While preparations to launch the Wilkinsburg Land Bank move ahead, some in the borough are still trying to understand what it is or how it came to be without extensive public discussion.

The effort to launch a Wilkinsburg-based solution to the borough’s blight problem comes in the middle of a multi-year debate over whether the borough should join the city of Pittsburgh. The people behind the land bank project are staunchly against that idea. 

Land bank organizers said it will focus on selling properties to people who are currently renters, particularly Wilkinsburg residents who hold Housing Choice [Section 8] Vouchers. 

Plants surround the entryway to 824 Woodworth Street in Wilkinsburg. (Photo by Stephanie Strasburg/PublicSource)

O’Hanlon said he has worked for the past 20 years with Neighborhood Legal Services on helping Section 8 voucher holders become homeowners, work that naturally led him to become involved with the new land bank project. He said voucher holders are at a disadvantage compared to other buyers because of the additional bureaucracy they have to navigate.

“The land bank is an opportunity to steer houses toward buyers,” O’Hanlon said. “And we prefer to steer them toward Wilkinsburg residents, people who have been renting and have already chosen to live in the community.”
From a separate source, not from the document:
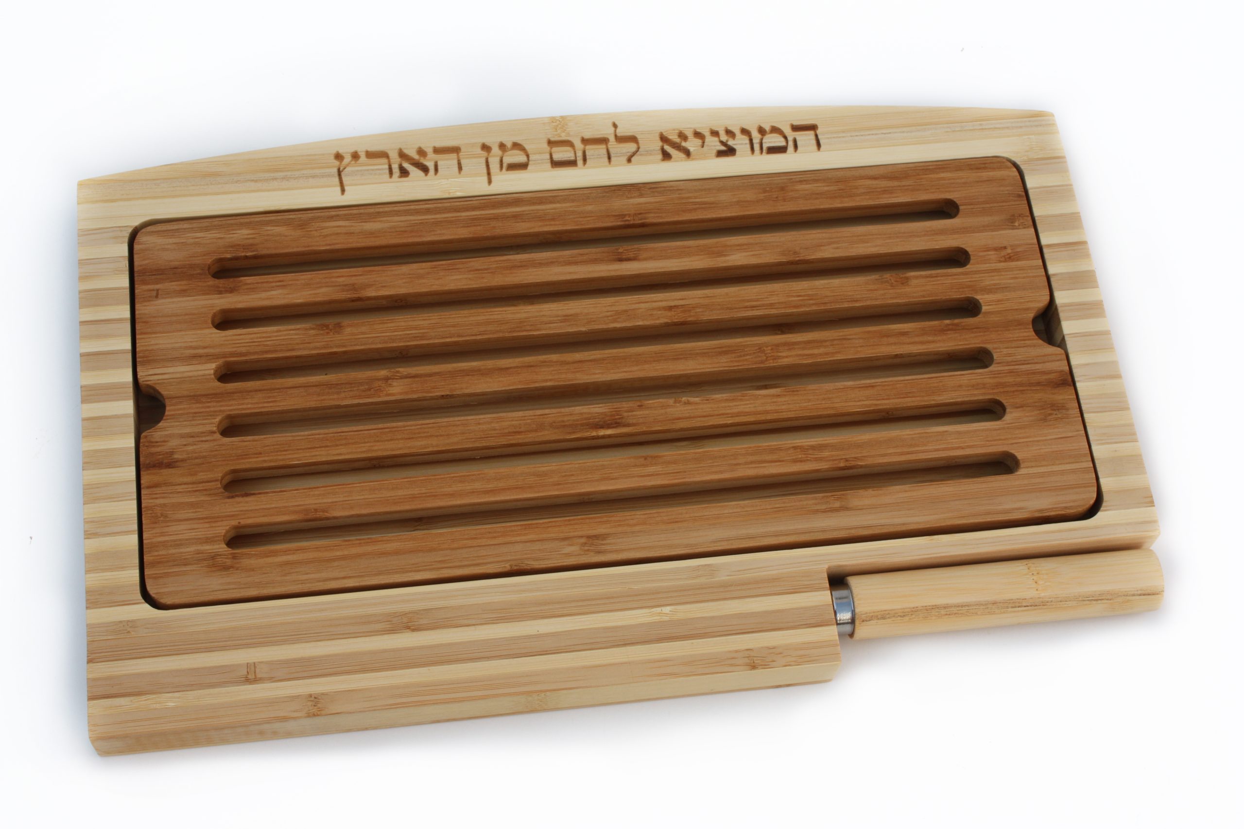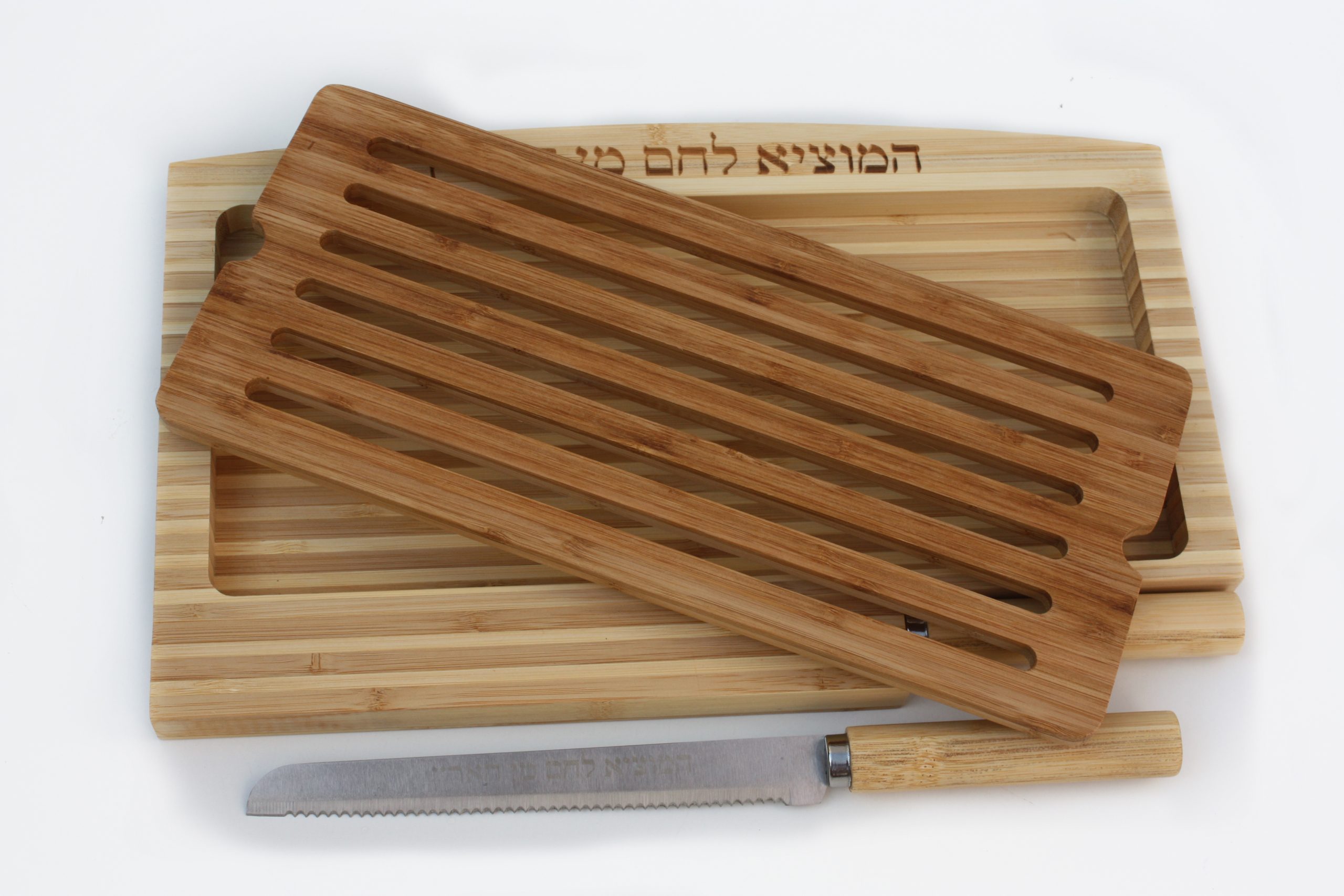 מגש חלה – 2 חלקים-עץ במבוק + סכין אלחלד
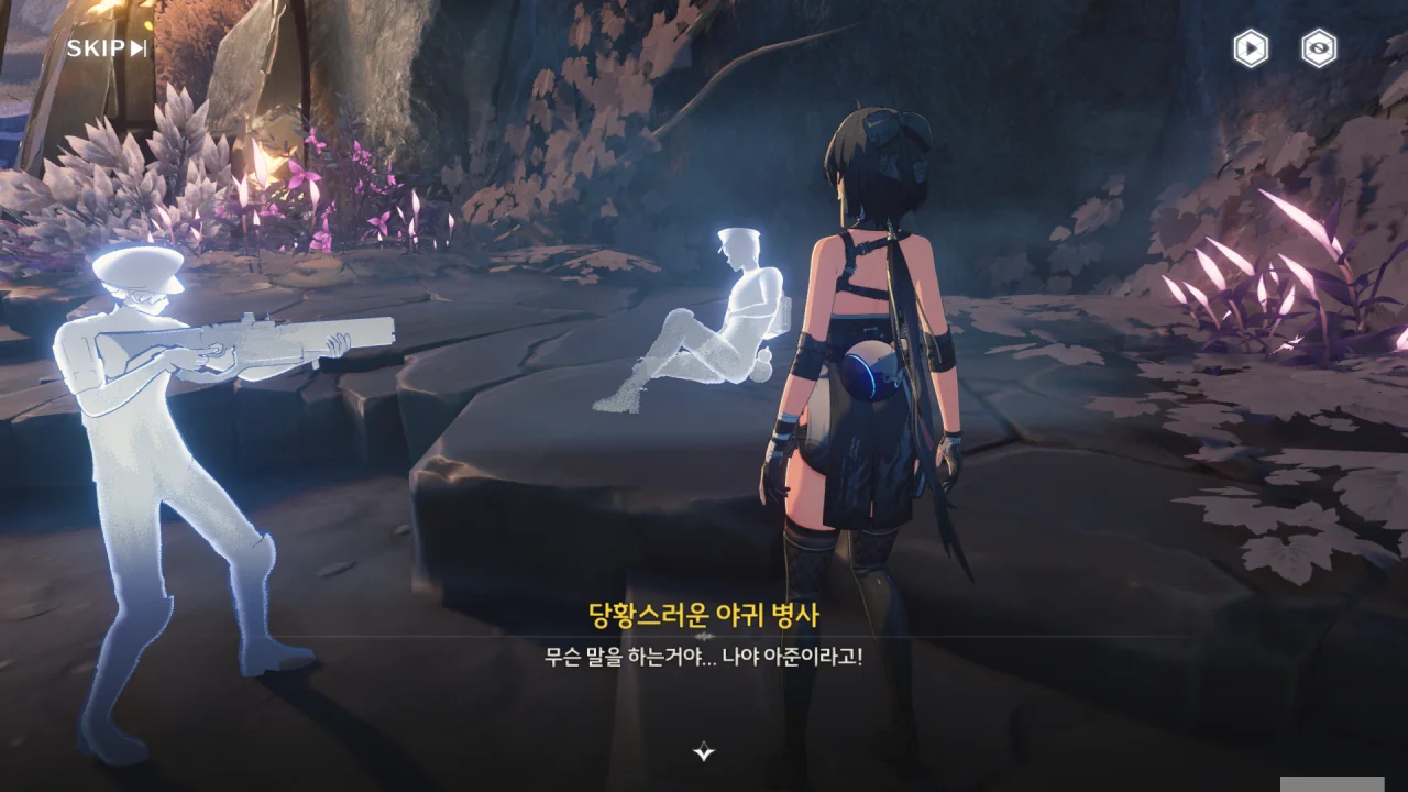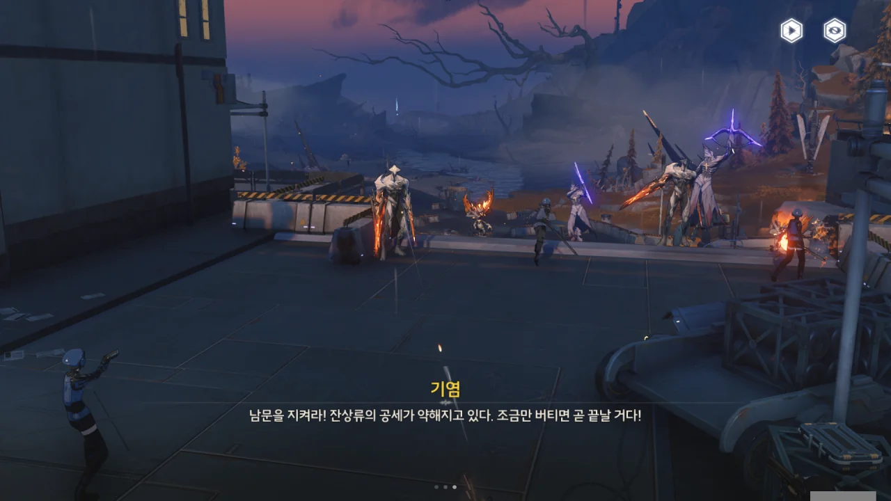 잔상류의 지휘관이 공격 명령을 내린 건지, 잔상류가 군영 안까지 들어와 병사들을 공격하고 있다. 하지만 전원 공명자인 병사들의 실력 역시 만만치 않아, 잔상류의 공세를 그럭저럭 잘 막아내고 있다.

Avoiding Pittsburgh Land Bank 2.0

The organizers cleared the first hurdle in starting a land bank when the borough council passed an ordinance approving it. The legislation says the board will include representation from the county executive’s office and the Wilkinsburg School District, but both entities told PublicSource they have not been approached about the idea. 

The state government still has to approve of the land bank before it can begin operating. After that will come a more complicated process of gathering funding to buy property and conduct business, and board members said they do not yet know where that money will come from. Luxemburg said the group has met with some private funders.

If there is change happening, people can see it and say ‘Oh, something’s happening in Wilkinsburg.’ I think that’s important.

China Lee

Securing funds could be a key to avoiding the fate of the Pittsburgh Land Bank, which has yet to gain any traction in its eight years of existence. The Pittsburgh Land Bank did not receive a significant budget outlay until 2022, when the city earmarked $10 million in American Rescue Plan funds in a bid to jumpstart the listless body.

The Pittsburgh Land Bank sold one empty lot in its first seven years, according to a 2021 Pittsburgh Post-Gazette report.  In recent months, according to meeting minutes, the land bank has focused on formalizing an agreement to allow properties to more easily flow between the city, the land bank and the Urban Redevelopment Authority. The land bank has also begun the legal process of clearing the titles of a number of properties.

Denise Edwards, who is president of Wilkinsburg’s council and is therefore entitled to a seat on its land bank’s board, said the borough’s relative simplicity will help, too.

“Because we are independent, we don’t have the bureaucracy of Pittsburgh,” Edwards said. “Our bureaucracy is pretty straightforward — it conforms with the law of course, but it is a little more user-friendly in many ways.”

She said that unlike in Pittsburgh, land use is “not a political football here.”

A shutter dangles from the window of 1312 Wood Street in Wilkinsburg. (Photo by Stephanie Strasburg/PublicSource)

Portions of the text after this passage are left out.